Information shown:

+++

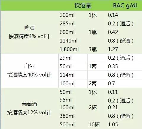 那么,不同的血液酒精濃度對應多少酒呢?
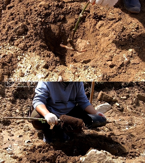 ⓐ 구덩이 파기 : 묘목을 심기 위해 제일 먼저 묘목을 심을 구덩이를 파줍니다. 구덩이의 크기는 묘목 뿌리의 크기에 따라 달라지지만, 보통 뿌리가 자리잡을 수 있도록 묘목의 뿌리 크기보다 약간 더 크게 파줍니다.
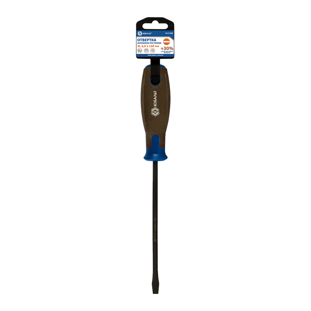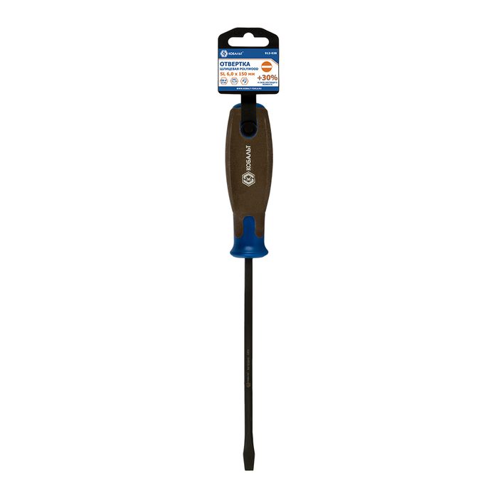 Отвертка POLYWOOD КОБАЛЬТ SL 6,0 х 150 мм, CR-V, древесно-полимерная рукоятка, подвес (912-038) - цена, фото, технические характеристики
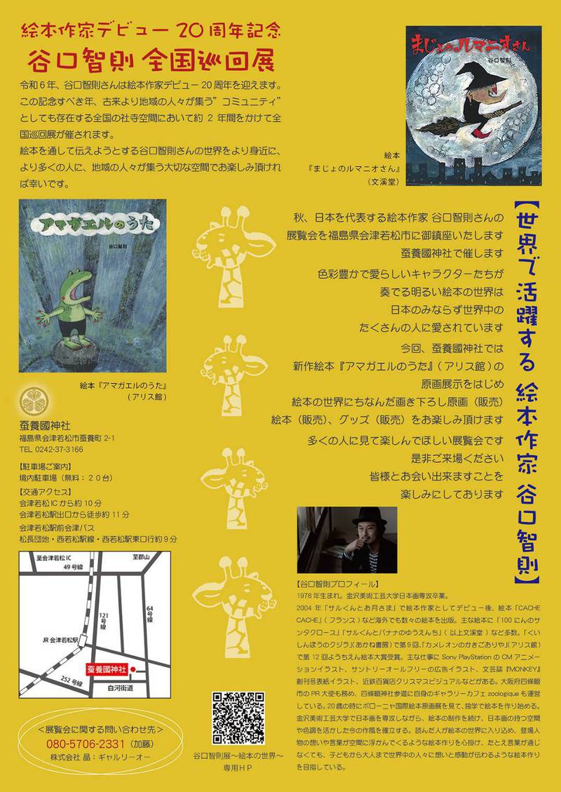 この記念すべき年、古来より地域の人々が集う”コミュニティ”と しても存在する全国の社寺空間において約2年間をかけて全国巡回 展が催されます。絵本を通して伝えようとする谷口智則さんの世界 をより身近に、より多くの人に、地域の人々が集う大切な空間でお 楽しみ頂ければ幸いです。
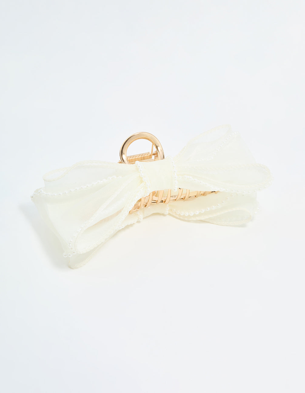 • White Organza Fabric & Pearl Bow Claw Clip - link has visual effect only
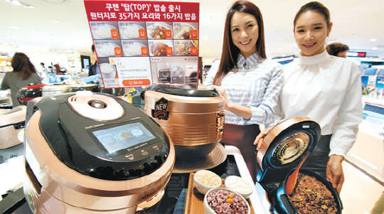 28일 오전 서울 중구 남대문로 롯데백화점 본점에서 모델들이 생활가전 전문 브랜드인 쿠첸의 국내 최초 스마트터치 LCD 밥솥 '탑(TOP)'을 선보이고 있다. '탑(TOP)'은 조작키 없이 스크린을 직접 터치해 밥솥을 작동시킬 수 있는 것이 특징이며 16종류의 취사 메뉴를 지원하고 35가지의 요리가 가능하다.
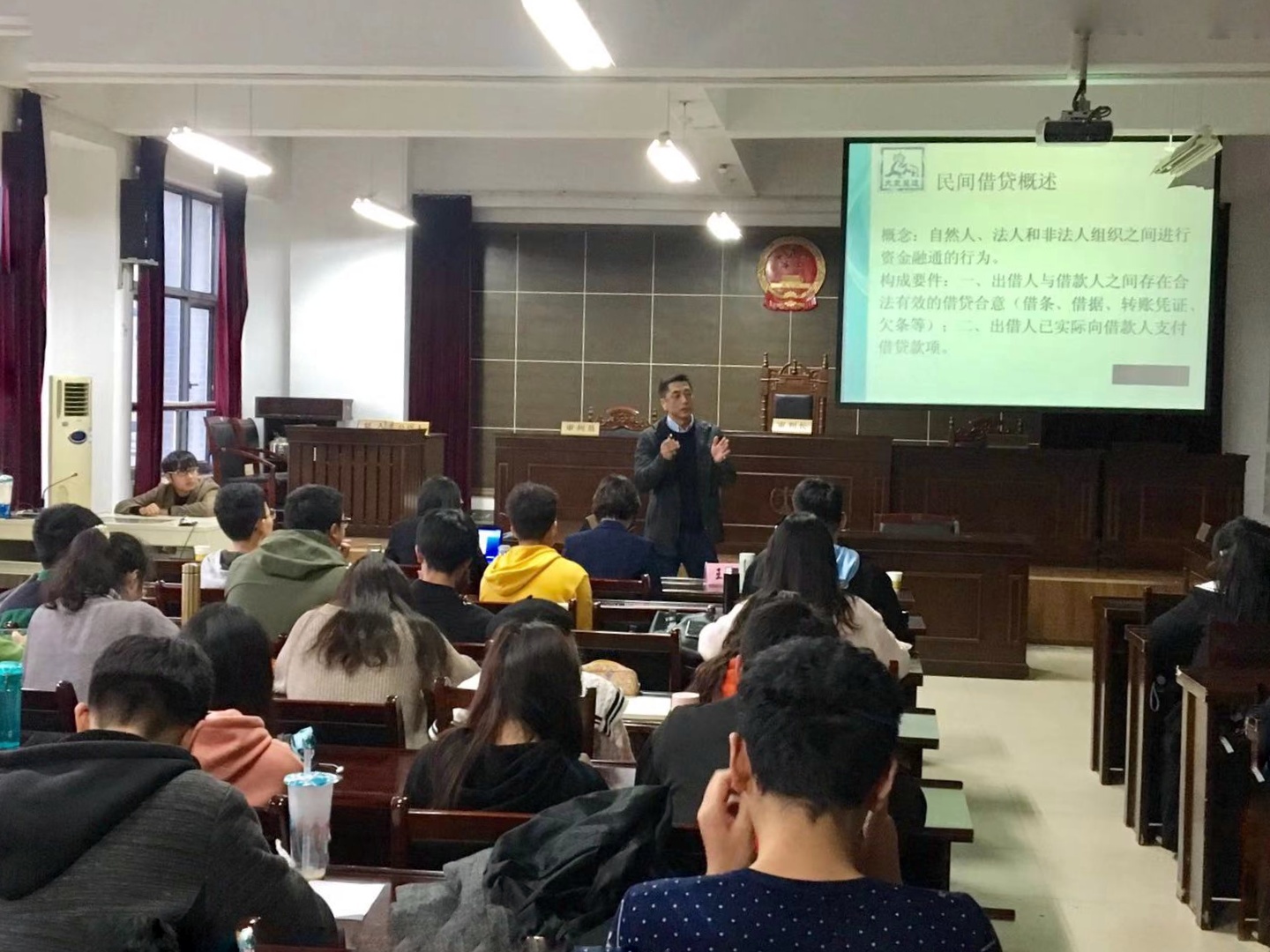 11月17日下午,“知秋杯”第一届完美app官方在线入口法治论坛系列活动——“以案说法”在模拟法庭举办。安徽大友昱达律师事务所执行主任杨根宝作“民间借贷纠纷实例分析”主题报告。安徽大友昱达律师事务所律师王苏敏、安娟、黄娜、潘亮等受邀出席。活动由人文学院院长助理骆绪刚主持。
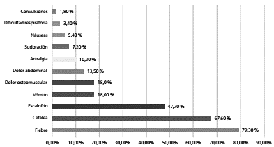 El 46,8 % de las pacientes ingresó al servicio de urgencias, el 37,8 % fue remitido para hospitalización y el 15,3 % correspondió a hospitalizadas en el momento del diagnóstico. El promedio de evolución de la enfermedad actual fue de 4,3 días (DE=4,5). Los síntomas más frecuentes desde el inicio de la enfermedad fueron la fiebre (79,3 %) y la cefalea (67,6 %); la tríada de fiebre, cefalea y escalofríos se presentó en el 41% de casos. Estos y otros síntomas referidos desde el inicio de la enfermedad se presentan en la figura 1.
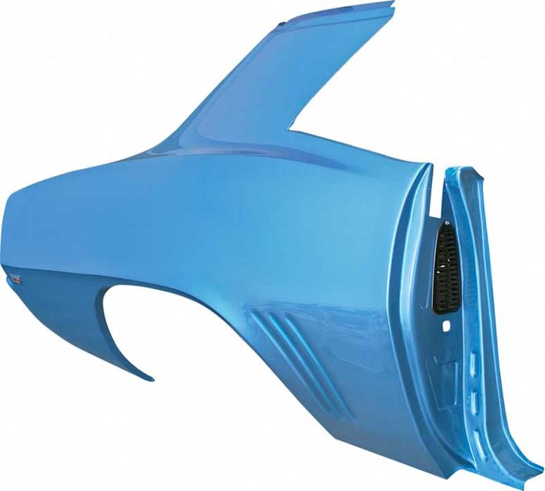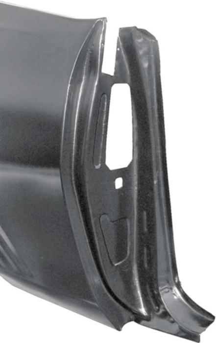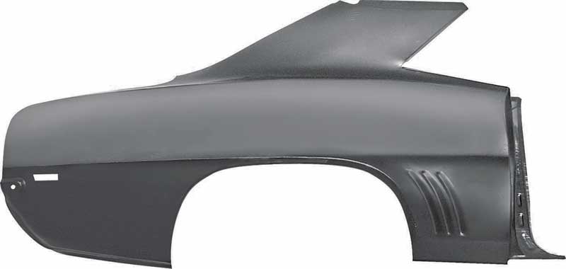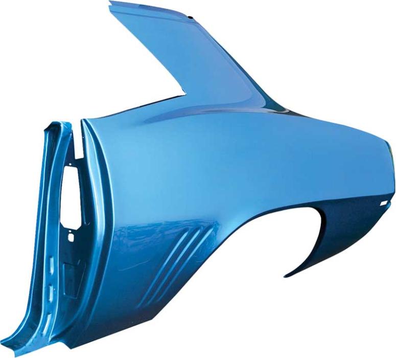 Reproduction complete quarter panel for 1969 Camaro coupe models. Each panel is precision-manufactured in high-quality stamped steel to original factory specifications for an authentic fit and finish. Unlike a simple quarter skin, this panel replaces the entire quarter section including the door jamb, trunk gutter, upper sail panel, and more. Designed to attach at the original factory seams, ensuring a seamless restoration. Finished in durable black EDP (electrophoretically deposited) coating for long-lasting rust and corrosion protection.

+++

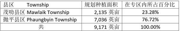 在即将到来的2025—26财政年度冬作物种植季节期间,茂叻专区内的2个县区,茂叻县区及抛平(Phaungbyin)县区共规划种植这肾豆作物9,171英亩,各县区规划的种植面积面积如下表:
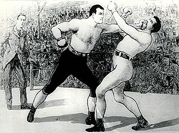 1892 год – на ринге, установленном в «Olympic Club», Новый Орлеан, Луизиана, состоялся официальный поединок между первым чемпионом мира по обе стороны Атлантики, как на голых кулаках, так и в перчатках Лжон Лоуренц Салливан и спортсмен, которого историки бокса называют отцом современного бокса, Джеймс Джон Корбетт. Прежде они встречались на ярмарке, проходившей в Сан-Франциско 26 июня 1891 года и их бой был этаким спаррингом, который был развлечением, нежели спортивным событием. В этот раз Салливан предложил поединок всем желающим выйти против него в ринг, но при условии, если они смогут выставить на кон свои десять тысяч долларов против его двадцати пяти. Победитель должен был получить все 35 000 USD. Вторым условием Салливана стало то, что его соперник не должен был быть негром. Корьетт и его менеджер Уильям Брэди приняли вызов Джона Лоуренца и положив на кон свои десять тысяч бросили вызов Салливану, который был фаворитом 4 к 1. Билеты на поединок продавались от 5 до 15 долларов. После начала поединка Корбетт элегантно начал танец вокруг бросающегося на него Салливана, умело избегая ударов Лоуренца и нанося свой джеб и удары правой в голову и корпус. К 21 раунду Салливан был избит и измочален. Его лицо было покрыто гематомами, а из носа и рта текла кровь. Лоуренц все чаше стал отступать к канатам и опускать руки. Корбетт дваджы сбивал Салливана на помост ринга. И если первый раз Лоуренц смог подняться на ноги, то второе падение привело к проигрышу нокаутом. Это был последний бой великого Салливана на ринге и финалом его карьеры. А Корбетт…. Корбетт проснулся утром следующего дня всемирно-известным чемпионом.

+++

Required work: Start with the line with "28일 오전 서울 중구" in the listing above and stop after the line with "El 46,8 % de". Write out exactly the lines in that stretch and no others, without pictures.

Response to this task:
 28일 오전 서울 중구 남대문로 롯데백화점 본점에서 모델들이 생활가전 전문 브랜드인 쿠첸의 국내 최초 스마트터치 LCD 밥솥 '탑(TOP)'을 선보이고 있다. '탑(TOP)'은 조작키 없이 스크린을 직접 터치해 밥솥을 작동시킬 수 있는 것이 특징이며 16종류의 취사 메뉴를 지원하고 35가지의 요리가 가능하다.
 11月17日下午,“知秋杯”第一届完美app官方在线入口法治论坛系列活动——“以案说法”在模拟法庭举办。安徽大友昱达律师事务所执行主任杨根宝作“民间借贷纠纷实例分析”主题报告。安徽大友昱达律师事务所律师王苏敏、安娟、黄娜、潘亮等受邀出席。活动由人文学院院长助理骆绪刚主持。
 El 46,8 % de las pacientes ingresó al servicio de urgencias, el 37,8 % fue remitido para hospitalización y el 15,3 % correspondió a hospitalizadas en el momento del diagnóstico. El promedio de evolución de la enfermedad actual fue de 4,3 días (DE=4,5). Los síntomas más frecuentes desde el inicio de la enfermedad fueron la fiebre (79,3 %) y la cefalea (67,6 %); la tríada de fiebre, cefalea y escalofríos se presentó en el 41% de casos. Estos y otros síntomas referidos desde el inicio de la enfermedad se presentan en la figura 1.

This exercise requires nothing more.